Senin, 27 Mei 2013

Hadiah Terindah untuk Pengayuh Becak


Entah mimpi apa aku semalam. Hari jumat itu seperti mimpi buruk saja. Jalanan dipenuhi dengan antrian kendaraan yang terjebak dalam situasi macet. Aku berada di salah satu mobil yang mengantri. Sesekali aku melihat jam di tanganku. Waktu begitu cepat bergulir dan aku harus segera sampai di kantor. Dengan berat hati, aku turun dari mobil dan mencari tukang ojeg. Tetapi aku sama sekali tidak melihat satu pun tukang ojeg di daerah sana, yang aku lihat hanya seorang pria paruh baya dengan becaknya. Terpaksa aku harus naik becak untuk sampai di kantor. Walaupun sebenarnya aku merasa gengsi, tapi hanya itu satu-satunya cara agar aku segera sampai di kantor. Untungnya letak kantorku tidak terlalu jauh dari sana.

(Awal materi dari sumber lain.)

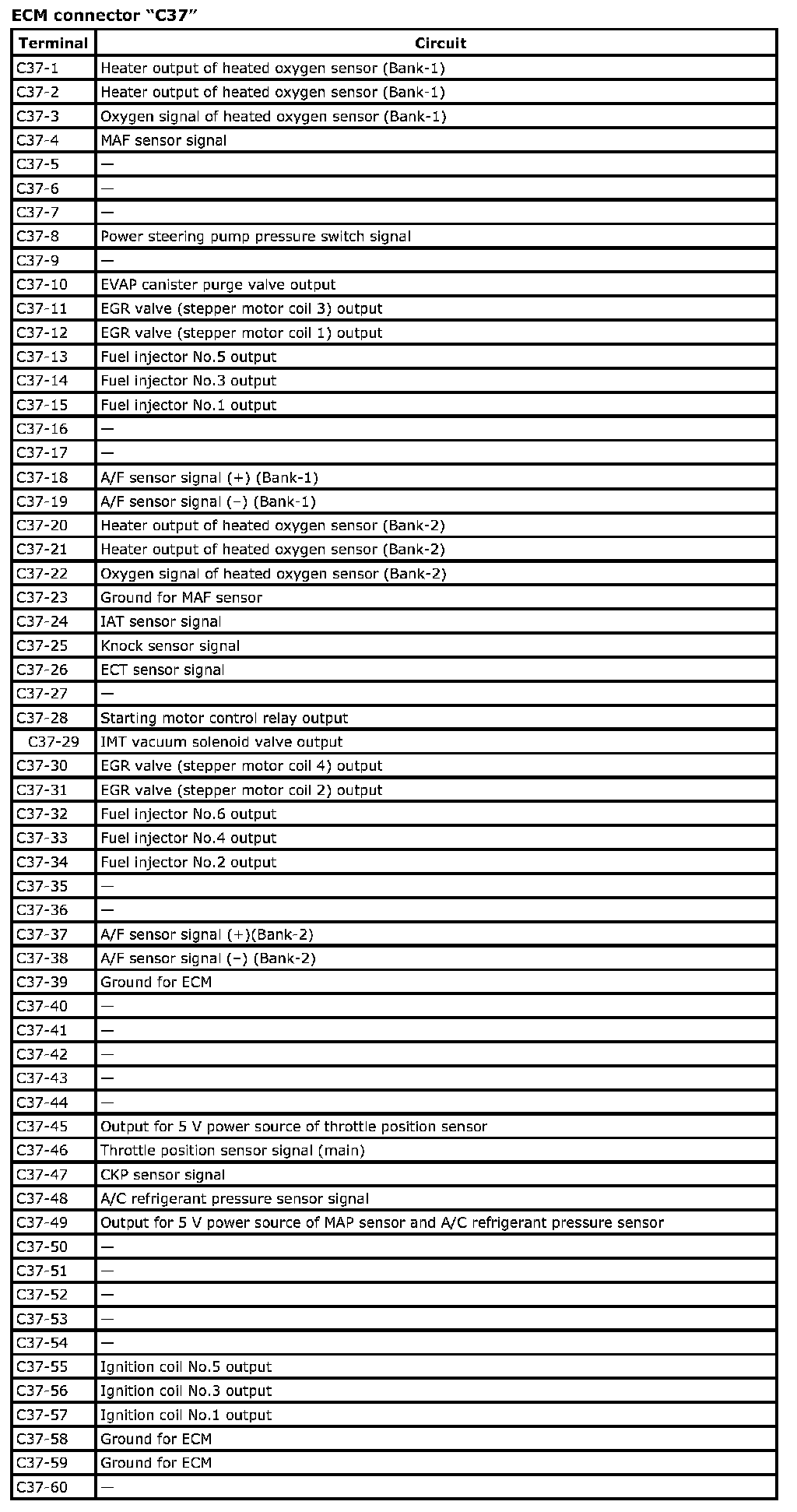 Terminal arrangement of ECM (PCM) connector (Viewed from harness side):

“Kek, antar saya ke Kantor Akuntan Publik Rina Fajriani, ya!”
Tukang becak itu mengangguk sambil tersenyum, “Iya, Neng”.
Becak pun meluncur menembus kemacetan jalanan pusat kota. Sedikit tenang dan agak gengsi, aku hanya terdiam di becak itu sembari menikmati semilir angin yang berhembus. Aku tak berhenti berpikir, memikirkan mimpi apa yang terjadi semalam.
Kurang lebih 15 menit waktu telah bergulir. Akhirnya aku sampai di kantor. Dengan tergesa-tergesa aku turun dari becak dan membayar ongkos becak. Tapi seketika tukang becak itu menolak ongkos dariku.

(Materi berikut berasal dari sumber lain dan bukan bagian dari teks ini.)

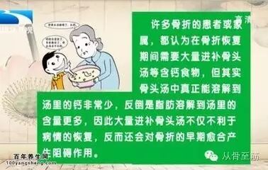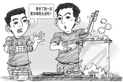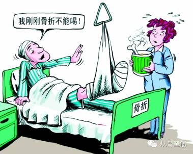 很多骨折病人的家属经常给病人买排骨、炖鸡汤喝,说是喝骨头汤补得快,其实,这是个认识的误区。骨折病人经常喝骨头汤,会因汤汁油腻而降低病人的食欲,且单一的饮食结构,无法满足骨折病人康复过程中所需多种营养成分供给,使骨折延迟愈合,出现事与愿违的效果。骨头汤对骨折愈合的作用有限,少吃无妨,量大无益,不适宜天天喝。

Sambil mengangkat tangan kanannya tanda menolak, tukang becak itu berkata, “Maaf, Neng. Hari ini tidak usah membayar ongkos. Terima kasih sudah naik becak saya.”

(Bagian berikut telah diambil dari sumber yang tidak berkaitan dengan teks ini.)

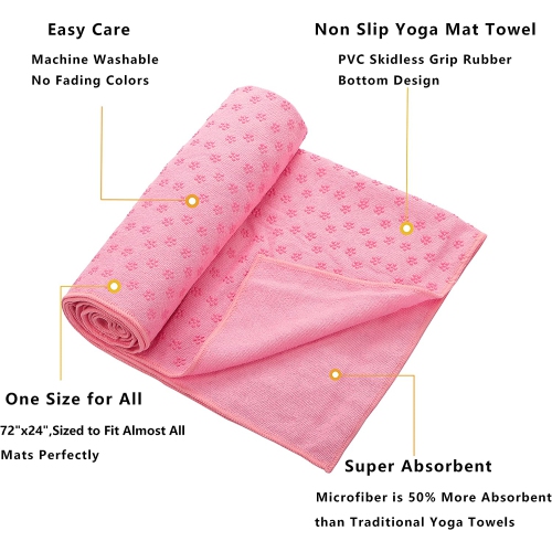 •Extra Large Yoga Towel Size: Standard sized 72 inchx24 inch mat towel,yoga towel is Fits perfectly over a traditional size yoga mat.it also makes a full-sized travel companion. Just toss it in your carry-on or back-pack and enjoy practicing in your hotel room.

Aku langsung menatap tukang becak yang sudah tua itu. Aku merasa heran, kenapa tukang becak itu menolak ongkos dariku? Tukang becak itu membuatku penasaran. Mungkin ongkosnya kurang. Lalu aku menambah ongkos becak itu dari lima ribu rupiah menjadi sepuluh ribu rupiah, tetapi tukang becak itu tetap menolaknya.
“Kakek sombong sekali tidak mau menerima ongkos dari saya. Apa ongkos yang saya berikan masih kurang?” dengan nada tinggi aku berbicara pada tukang becak itu. Sebenarnya aku hanya penasaran dengan tukang becak itu. Aneh saja, jaman sekarang masih ada tukang becak yang memberi tumpangan gratis.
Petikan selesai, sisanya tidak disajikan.